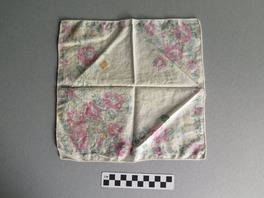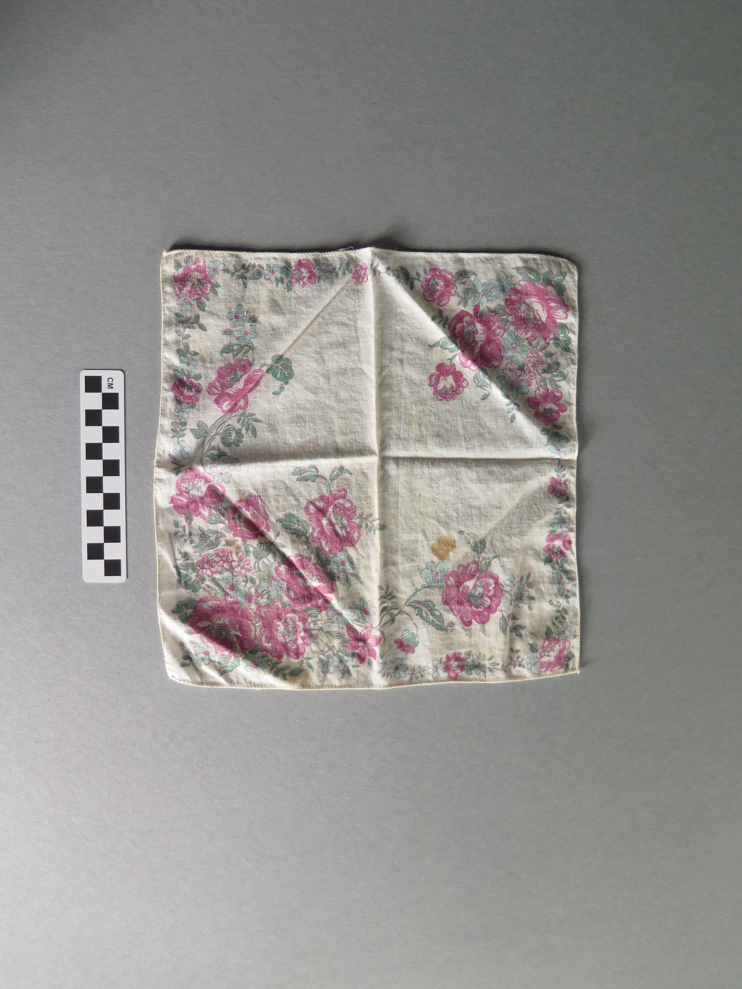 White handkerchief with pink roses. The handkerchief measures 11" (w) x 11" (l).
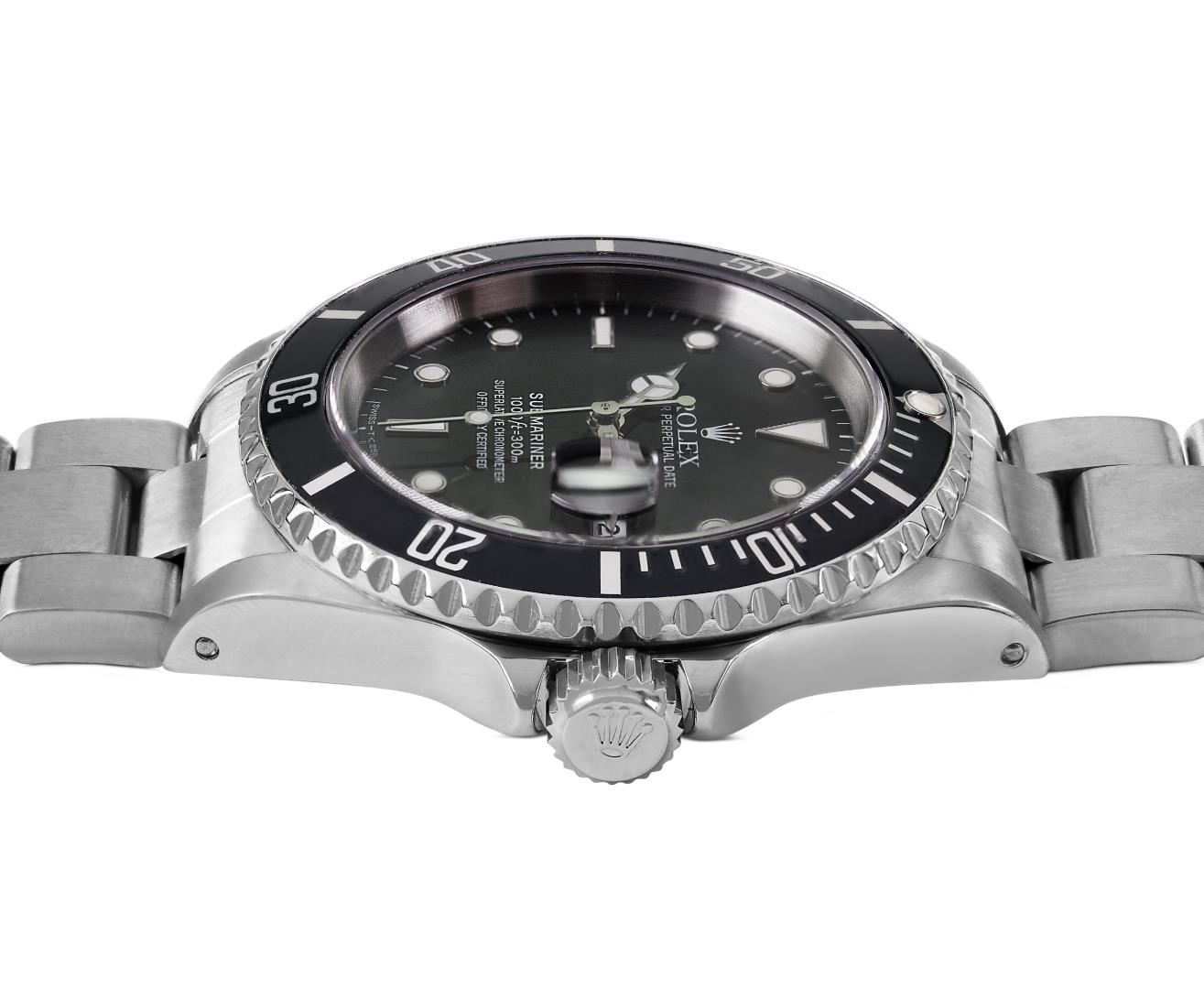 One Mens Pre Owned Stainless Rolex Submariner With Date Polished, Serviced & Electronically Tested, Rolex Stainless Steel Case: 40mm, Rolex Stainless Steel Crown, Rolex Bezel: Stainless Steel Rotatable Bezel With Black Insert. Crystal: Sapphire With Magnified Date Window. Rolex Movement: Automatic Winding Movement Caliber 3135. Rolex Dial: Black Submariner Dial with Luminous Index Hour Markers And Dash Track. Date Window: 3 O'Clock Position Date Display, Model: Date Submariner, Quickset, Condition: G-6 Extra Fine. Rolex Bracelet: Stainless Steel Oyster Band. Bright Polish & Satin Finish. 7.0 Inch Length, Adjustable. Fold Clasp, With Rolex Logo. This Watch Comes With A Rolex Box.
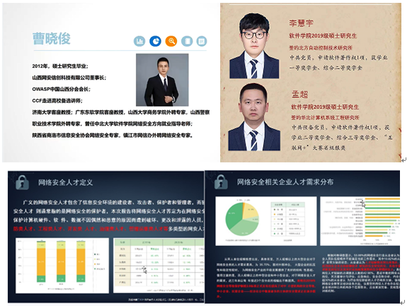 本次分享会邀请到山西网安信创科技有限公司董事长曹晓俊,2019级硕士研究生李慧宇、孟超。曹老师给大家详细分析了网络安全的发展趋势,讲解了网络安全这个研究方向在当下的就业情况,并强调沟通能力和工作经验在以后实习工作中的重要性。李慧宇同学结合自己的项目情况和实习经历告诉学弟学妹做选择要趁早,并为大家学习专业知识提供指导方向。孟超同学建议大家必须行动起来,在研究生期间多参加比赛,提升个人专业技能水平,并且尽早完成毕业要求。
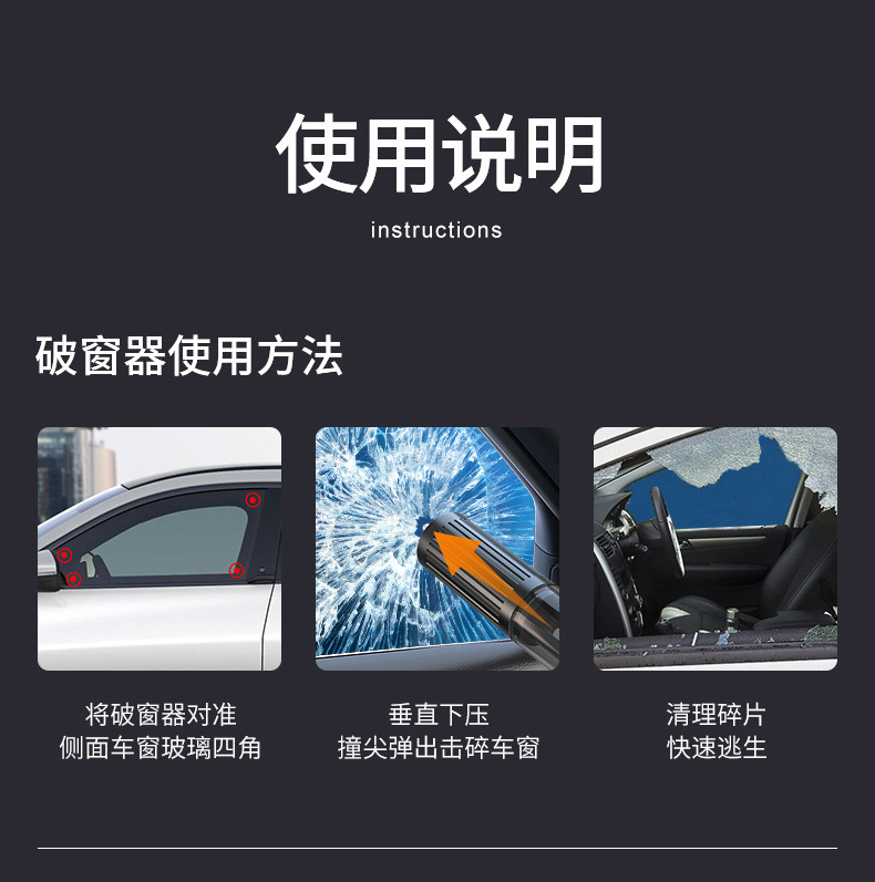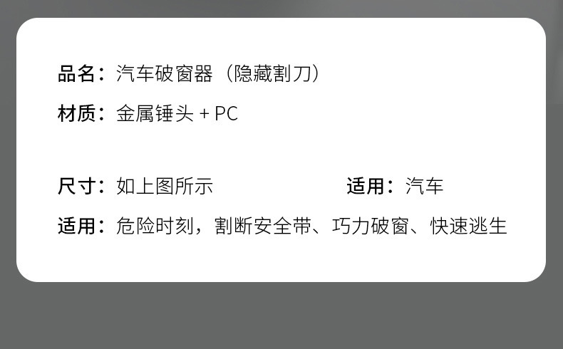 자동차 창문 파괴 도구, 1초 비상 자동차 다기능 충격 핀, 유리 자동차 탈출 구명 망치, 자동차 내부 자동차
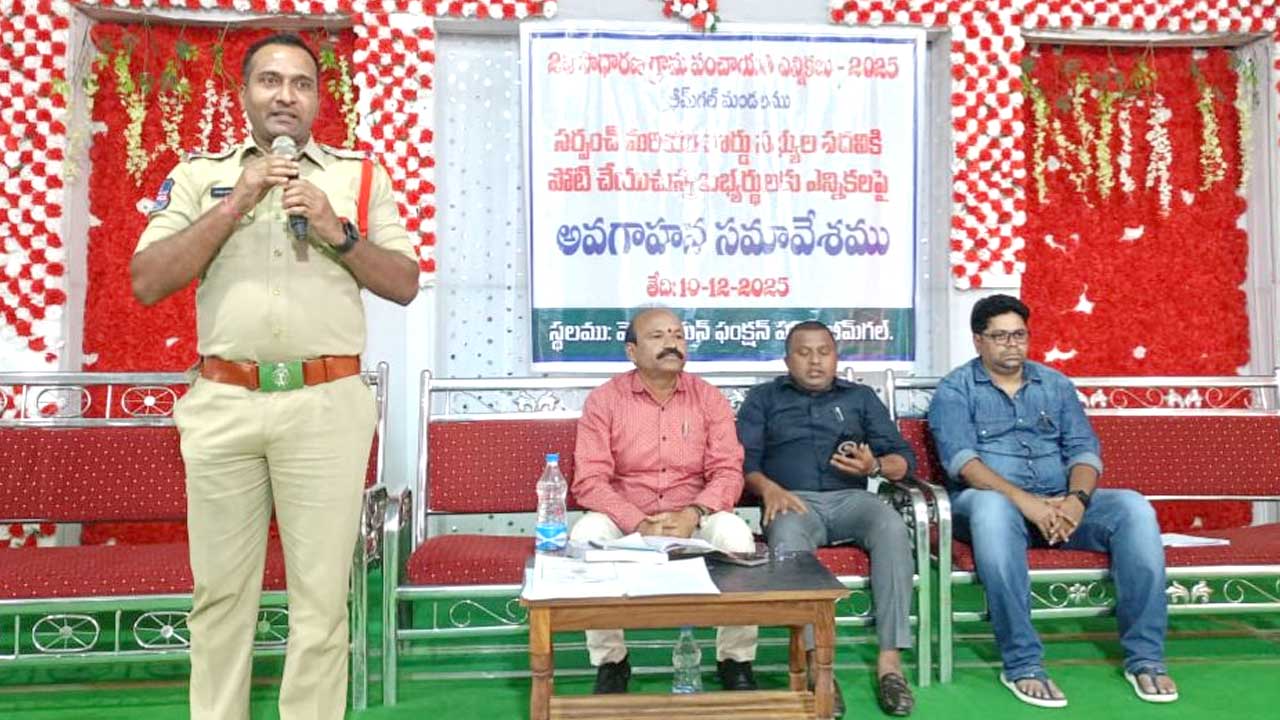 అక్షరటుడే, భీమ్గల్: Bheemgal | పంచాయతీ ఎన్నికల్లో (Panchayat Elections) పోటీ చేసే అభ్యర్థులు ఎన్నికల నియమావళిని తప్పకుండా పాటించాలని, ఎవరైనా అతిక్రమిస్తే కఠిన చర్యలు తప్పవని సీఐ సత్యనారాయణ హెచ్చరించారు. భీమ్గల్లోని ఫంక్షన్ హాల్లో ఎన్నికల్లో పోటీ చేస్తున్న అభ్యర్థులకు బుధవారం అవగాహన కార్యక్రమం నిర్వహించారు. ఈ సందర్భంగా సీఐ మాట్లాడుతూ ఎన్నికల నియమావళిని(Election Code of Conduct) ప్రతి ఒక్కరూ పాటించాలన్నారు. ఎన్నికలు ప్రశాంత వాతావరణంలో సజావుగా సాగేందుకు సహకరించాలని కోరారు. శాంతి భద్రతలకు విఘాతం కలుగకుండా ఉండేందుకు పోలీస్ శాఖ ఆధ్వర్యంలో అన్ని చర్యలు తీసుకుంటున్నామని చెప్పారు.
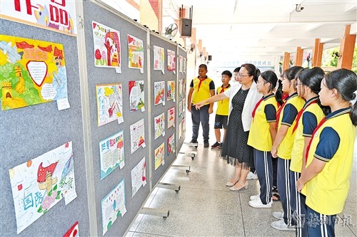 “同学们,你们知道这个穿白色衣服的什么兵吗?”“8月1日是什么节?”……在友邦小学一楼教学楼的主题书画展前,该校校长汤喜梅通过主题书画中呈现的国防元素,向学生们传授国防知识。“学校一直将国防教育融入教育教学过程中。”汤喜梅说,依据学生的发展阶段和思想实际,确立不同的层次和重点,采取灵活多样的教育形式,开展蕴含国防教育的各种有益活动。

(What is expected):
Leaving out the pictures, return the records exactly as given.

(Task solution):
 White handkerchief with pink roses. The handkerchief measures 11" (w) x 11" (l).
 One Mens Pre Owned Stainless Rolex Submariner With Date Polished, Serviced & Electronically Tested, Rolex Stainless Steel Case: 40mm, Rolex Stainless Steel Crown, Rolex Bezel: Stainless Steel Rotatable Bezel With Black Insert. Crystal: Sapphire With Magnified Date Window. Rolex Movement: Automatic Winding Movement Caliber 3135. Rolex Dial: Black Submariner Dial with Luminous Index Hour Markers And Dash Track. Date Window: 3 O'Clock Position Date Display, Model: Date Submariner, Quickset, Condition: G-6 Extra Fine. Rolex Bracelet: Stainless Steel Oyster Band. Bright Polish & Satin Finish. 7.0 Inch Length, Adjustable. Fold Clasp, With Rolex Logo. This Watch Comes With A Rolex Box.
 本次分享会邀请到山西网安信创科技有限公司董事长曹晓俊,2019级硕士研究生李慧宇、孟超。曹老师给大家详细分析了网络安全的发展趋势,讲解了网络安全这个研究方向在当下的就业情况,并强调沟通能力和工作经验在以后实习工作中的重要性。李慧宇同学结合自己的项目情况和实习经历告诉学弟学妹做选择要趁早,并为大家学习专业知识提供指导方向。孟超同学建议大家必须行动起来,在研究生期间多参加比赛,提升个人专业技能水平,并且尽早完成毕业要求。
 자동차 창문 파괴 도구, 1초 비상 자동차 다기능 충격 핀, 유리 자동차 탈출 구명 망치, 자동차 내부 자동차
 అక్షరటుడే, భీమ్గల్: Bheemgal | పంచాయతీ ఎన్నికల్లో (Panchayat Elections) పోటీ చేసే అభ్యర్థులు ఎన్నికల నియమావళిని తప్పకుండా పాటించాలని, ఎవరైనా అతిక్రమిస్తే కఠిన చర్యలు తప్పవని సీఐ సత్యనారాయణ హెచ్చరించారు. భీమ్గల్లోని ఫంక్షన్ హాల్లో ఎన్నికల్లో పోటీ చేస్తున్న అభ్యర్థులకు బుధవారం అవగాహన కార్యక్రమం నిర్వహించారు. ఈ సందర్భంగా సీఐ మాట్లాడుతూ ఎన్నికల నియమావళిని(Election Code of Conduct) ప్రతి ఒక్కరూ పాటించాలన్నారు. ఎన్నికలు ప్రశాంత వాతావరణంలో సజావుగా సాగేందుకు సహకరించాలని కోరారు. శాంతి భద్రతలకు విఘాతం కలుగకుండా ఉండేందుకు పోలీస్ శాఖ ఆధ్వర్యంలో అన్ని చర్యలు తీసుకుంటున్నామని చెప్పారు.
 “同学们,你们知道这个穿白色衣服的什么兵吗?”“8月1日是什么节?”……在友邦小学一楼教学楼的主题书画展前,该校校长汤喜梅通过主题书画中呈现的国防元素,向学生们传授国防知识。“学校一直将国防教育融入教育教学过程中。”汤喜梅说,依据学生的发展阶段和思想实际,确立不同的层次和重点,采取灵活多样的教育形式,开展蕴含国防教育的各种有益活动。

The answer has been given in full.